Goal of the exercise: Transcribe each entry in full, and leave the images out.

Exercise materials:
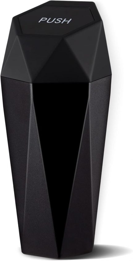 JUSTTOP Car Trash Can with Lid, Diamond Design, Small Auto Portable Trash Can, Easy to Clean, Used in Car, Home Office (Black)
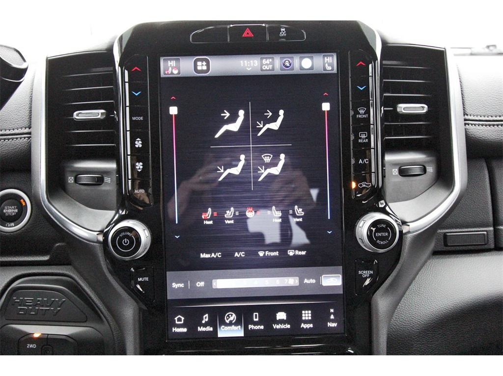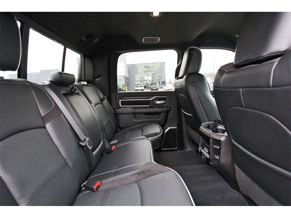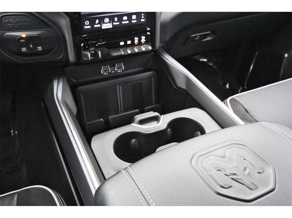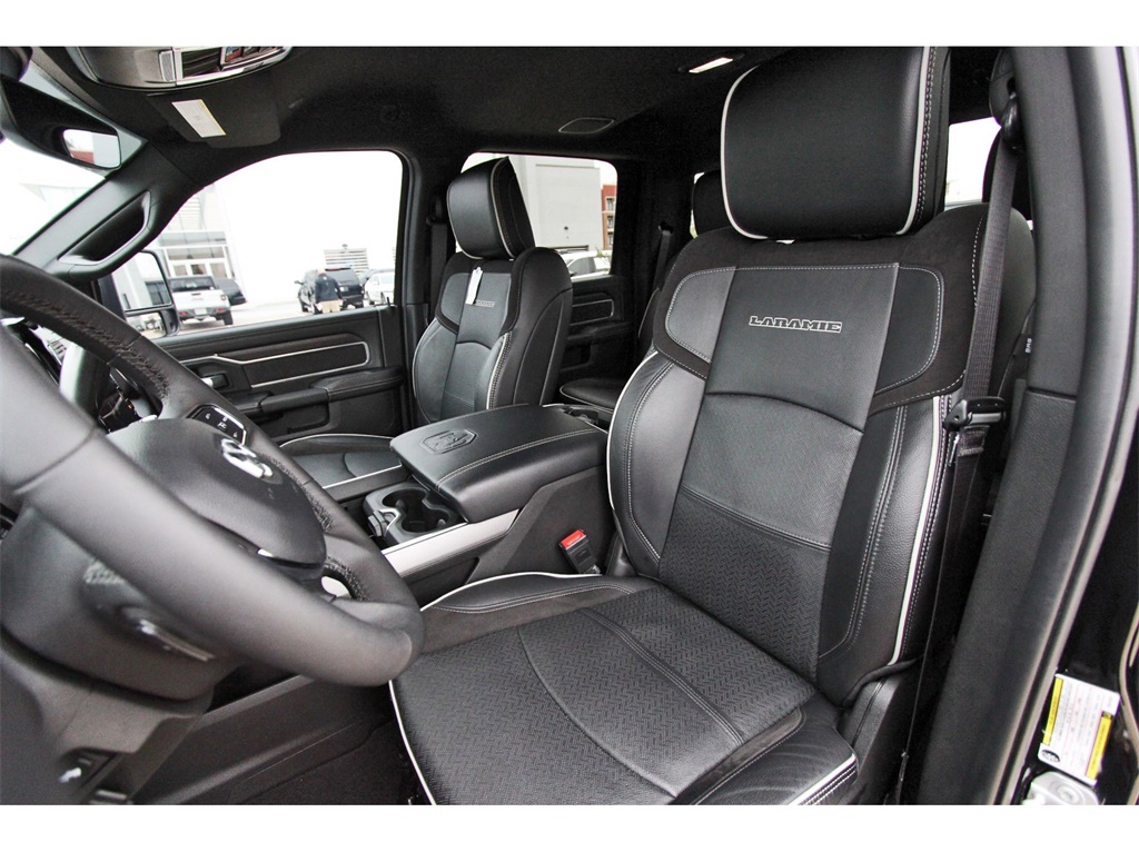 or Mirrors w/Heating Element, Exterior Mirrors w/Memory, Exterior Mirrors w/Supplemental Signals, Foam Bottle Insert (Door Trim Panel), Forward & Reverse Utility Lights, Mirror Running Lights, Power Adjust Mirrors, Power Adjustable Convex Aux Mirrors, Power Adjustable Pedals w/Memory, Power Heated Fold Telescopic Mirrors w/Memory, Power Telescoping Mirrors, Rain Sensitive Windshield Wipers, and Remote Tailgate Release), Quick Order Package 24H Laramie, 10 Speakers, 115V Auxiliary Rear Power Outlet, 2 Way Rear Headrest Seat, 4 Way Front Headrests, 4-Wheel Disc Brakes, 4G LTE Wi-Fi Hot Spot, 5th Wheel/Gooseneck Towing Prep Group, ABS brakes, Air Conditioning, Alexa Built-In, Alloy wheels, AM/FM radio: SiriusXM with 360L, Apple CarPlay, Apple CarPlay/Android Auto, Auto-dimming Rear-View mirror, Automatic temperature control, Black Wheel Center Hub, Brake assist, Bumpers: body-color, Chrome Flat Wheel-to-Wheel Side Steps, Compass, Connected Travel & Traffic Services, Connectivity - US/Canada, Delay-off headlights, Disassociated Touchscreen Display, Driver door bin, Driver vanity mirror, Dual front impact airbags, Dual front side impact airbags, Electronic Stability Control, Emergency Vehicle Alert System (EVAS), Folding Flat Load Floor Storage, Front anti-roll bar, Front Center Armrest w/Storage, Front dual zone A/C, Front fog lights, Front License Plate Bracket, Front reading lights, Front Seat Back Map Pockets, Fully automatic headlights, Garage door transmitter, Global Telematics Box Module (TBM), Google Android Auto, GPS Antenna Input, HD Radio, Heated door mirrors, Heated Front Seats, Heated front seats, Heated Steering Wheel, Heated steering wheel, High Back Seats, Illuminated entry, Integrated Voice Command w/Bluetooth, Leather Trim 40/20/40 Bench Seat, Low tire pressure warning, Manufacturer's Statement of Origin, Navigation System, Occupant sensing airbag, Outside temperature display, Overhead airbag, Overhead console, Panic alarm, ParkView Rear Back-Up Camera, Passenger door bin, Passenger vanity mirror, Power 2-Way Driver Lumbar Adjust, Power 2-Way Passenger Lumbar Adjust, Power Adjust 8-Way Driver Seat, Power Adjust 8-Way Front Passenger Seat, Power door mirrors, Power driver seat, Power passenger seat, Power steering, Power windows, Radio data system, Radio: Uconnect 5 Nav w/12.0" Display, Rear 60/40 Folding Seat, Rear anti-roll bar, Rear reading lights, Rear seat center armrest, Rear step bumper, Rear window defroster, Remote keyless entry, Security system, Selectable Tire Fill Alert, SiriusXM Radio Service, Speed control, Split folding rear seat, Steering wheel mounted audio controls, Tachometer, Tilt steering wheel, Traction control, Trip computer, Turn signal indicator mirrors, Variably intermittent wipers, Voltmeter, and Wheels: 18" x 8.0" Diam Cut Alum w/Blk Pt Pock!!
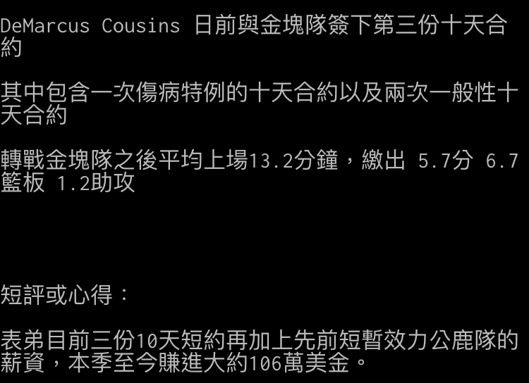 推 s678902003 : 合約簽一個月,但實際只打10天內的4場主場吧...? 12/20 10:08
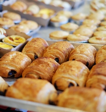 Diferentes tipos de pastelaria: croissants, macrons, pretzels, cannoli, strudels, tartes, donuts, scones e muitos outros.
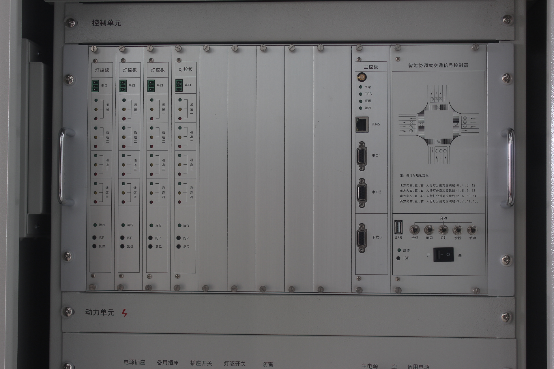 1、该交通信号机采用6U模块插卡设计,板卡模块包含:电源及环境监测模块、主控制模块、优化控制模块、灯驱控制模块、线圈视频/地磁检测及接口模块等。
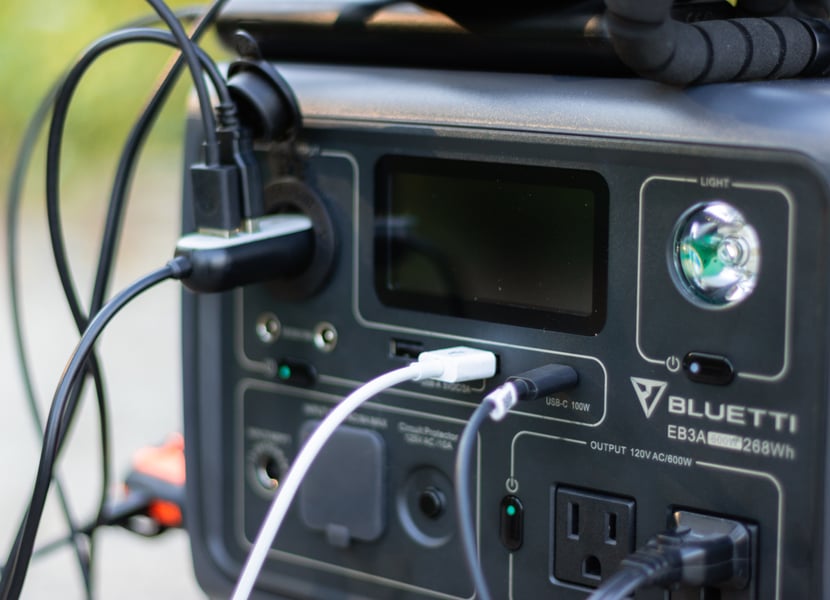 It’s easy to plug everything in and charge up all your devices on the road with the Bluetti EB3A. You should see some of the set-ups I’ve tested.
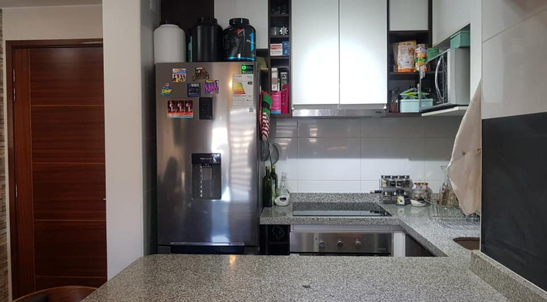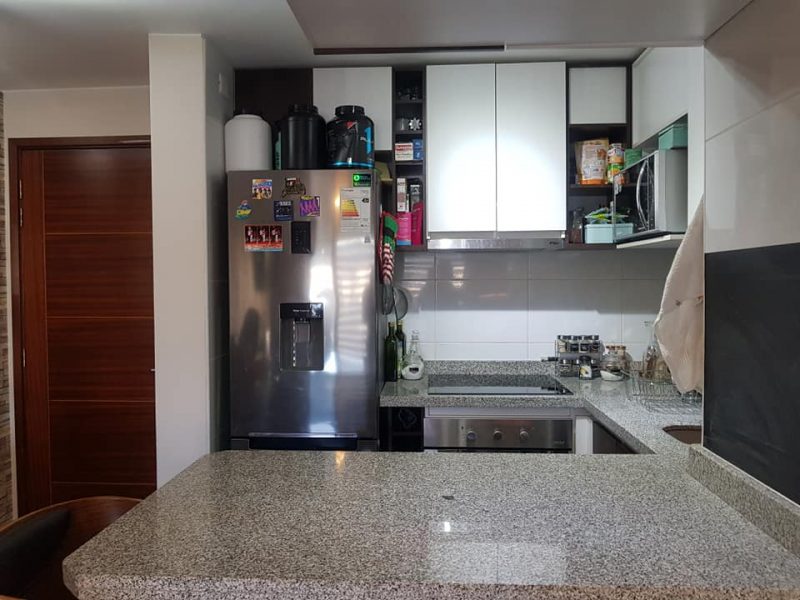 ▪cocina americana, equipada con encimera y horno electrico, cubiertas de granito
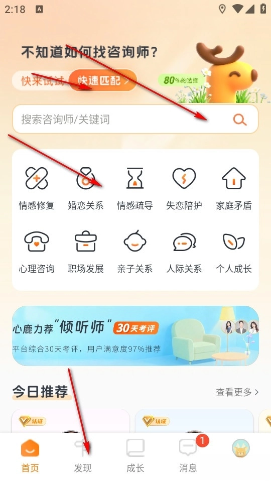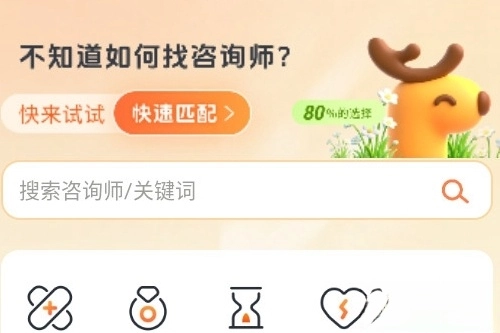 进入软件首页后,我们既可以选择快速匹配到合适的咨询师,也能通过搜索功能,或是依据自身情况去寻找不同分类下专属的心理咨询师。
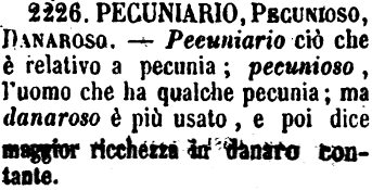 | Pecuniario, Pecunioso, Danaroso - Pecuniario ciò che è relativo a pecunia; pecunioso, l'uomo che ha qualche pecunia; ma danaroso è più usato, e poi dice maggior ricchezza in danaro contante. [immagine] |
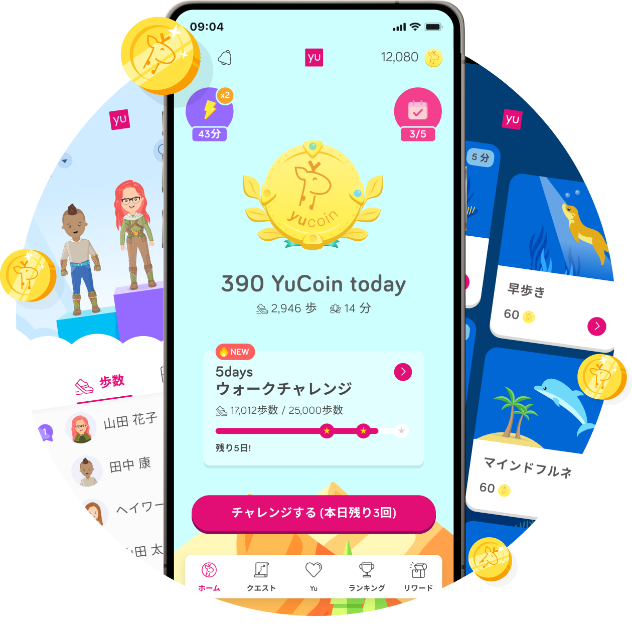 A: 日々の健康活動やチャレンジ達成で貯まる「YuCoin」は、Amazonギフト券をはじめ、好きなブランドのクーポンと交換したり、慈善団体への寄付などにも活用できます。
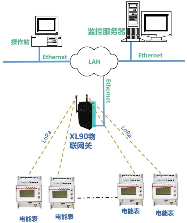 l 選擇DTSD3366XX/XL系列無(wú)線電能表,配置LoRa通信,分布在車(chē)間、工廠各點(diǎn)的用電數(shù)據(jù),無(wú)線匯聚到網(wǎng)關(guān),接入監(jiān)控服務(wù)器,降低施工費(fèi)用,減少了更多的麻煩。
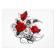 Contour, mechanical crescent moon with gears, decorated with red roses with black spiked stems and leaves on white background. Steampunk

Result below:
 JUSTTOP Car Trash Can with Lid, Diamond Design, Small Auto Portable Trash Can, Easy to Clean, Used in Car, Home Office (Black)
 or Mirrors w/Heating Element, Exterior Mirrors w/Memory, Exterior Mirrors w/Supplemental Signals, Foam Bottle Insert (Door Trim Panel), Forward & Reverse Utility Lights, Mirror Running Lights, Power Adjust Mirrors, Power Adjustable Convex Aux Mirrors, Power Adjustable Pedals w/Memory, Power Heated Fold Telescopic Mirrors w/Memory, Power Telescoping Mirrors, Rain Sensitive Windshield Wipers, and Remote Tailgate Release), Quick Order Package 24H Laramie, 10 Speakers, 115V Auxiliary Rear Power Outlet, 2 Way Rear Headrest Seat, 4 Way Front Headrests, 4-Wheel Disc Brakes, 4G LTE Wi-Fi Hot Spot, 5th Wheel/Gooseneck Towing Prep Group, ABS brakes, Air Conditioning, Alexa Built-In, Alloy wheels, AM/FM radio: SiriusXM with 360L, Apple CarPlay, Apple CarPlay/Android Auto, Auto-dimming Rear-View mirror, Automatic temperature control, Black Wheel Center Hub, Brake assist, Bumpers: body-color, Chrome Flat Wheel-to-Wheel Side Steps, Compass, Connected Travel & Traffic Services, Connectivity - US/Canada, Delay-off headlights, Disassociated Touchscreen Display, Driver door bin, Driver vanity mirror, Dual front impact airbags, Dual front side impact airbags, Electronic Stability Control, Emergency Vehicle Alert System (EVAS), Folding Flat Load Floor Storage, Front anti-roll bar, Front Center Armrest w/Storage, Front dual zone A/C, Front fog lights, Front License Plate Bracket, Front reading lights, Front Seat Back Map Pockets, Fully automatic headlights, Garage door transmitter, Global Telematics Box Module (TBM), Google Android Auto, GPS Antenna Input, HD Radio, Heated door mirrors, Heated Front Seats, Heated front seats, Heated Steering Wheel, Heated steering wheel, High Back Seats, Illuminated entry, Integrated Voice Command w/Bluetooth, Leather Trim 40/20/40 Bench Seat, Low tire pressure warning, Manufacturer's Statement of Origin, Navigation System, Occupant sensing airbag, Outside temperature display, Overhead airbag, Overhead console, Panic alarm, ParkView Rear Back-Up Camera, Passenger door bin, Passenger vanity mirror, Power 2-Way Driver Lumbar Adjust, Power 2-Way Passenger Lumbar Adjust, Power Adjust 8-Way Driver Seat, Power Adjust 8-Way Front Passenger Seat, Power door mirrors, Power driver seat, Power passenger seat, Power steering, Power windows, Radio data system, Radio: Uconnect 5 Nav w/12.0" Display, Rear 60/40 Folding Seat, Rear anti-roll bar, Rear reading lights, Rear seat center armrest, Rear step bumper, Rear window defroster, Remote keyless entry, Security system, Selectable Tire Fill Alert, SiriusXM Radio Service, Speed control, Split folding rear seat, Steering wheel mounted audio controls, Tachometer, Tilt steering wheel, Traction control, Trip computer, Turn signal indicator mirrors, Variably intermittent wipers, Voltmeter, and Wheels: 18" x 8.0" Diam Cut Alum w/Blk Pt Pock!!
 推 s678902003 : 合約簽一個月,但實際只打10天內的4場主場吧...? 12/20 10:08
 Diferentes tipos de pastelaria: croissants, macrons, pretzels, cannoli, strudels, tartes, donuts, scones e muitos outros.
 1、该交通信号机采用6U模块插卡设计,板卡模块包含:电源及环境监测模块、主控制模块、优化控制模块、灯驱控制模块、线圈视频/地磁检测及接口模块等。
 It’s easy to plug everything in and charge up all your devices on the road with the Bluetti EB3A. You should see some of the set-ups I’ve tested.
 ▪cocina americana, equipada con encimera y horno electrico, cubiertas de granito
 进入软件首页后,我们既可以选择快速匹配到合适的咨询师,也能通过搜索功能,或是依据自身情况去寻找不同分类下专属的心理咨询师。
 | Pecuniario, Pecunioso, Danaroso - Pecuniario ciò che è relativo a pecunia; pecunioso, l'uomo che ha qualche pecunia; ma danaroso è più usato, e poi dice maggior ricchezza in danaro contante. [immagine] |
 A: 日々の健康活動やチャレンジ達成で貯まる「YuCoin」は、Amazonギフト券をはじめ、好きなブランドのクーポンと交換したり、慈善団体への寄付などにも活用できます。
 l 選擇DTSD3366XX/XL系列無(wú)線電能表,配置LoRa通信,分布在車(chē)間、工廠各點(diǎn)的用電數(shù)據(jù),無(wú)線匯聚到網(wǎng)關(guān),接入監(jiān)控服務(wù)器,降低施工費(fèi)用,減少了更多的麻煩。
 Contour, mechanical crescent moon with gears, decorated with red roses with black spiked stems and leaves on white background. Steampunk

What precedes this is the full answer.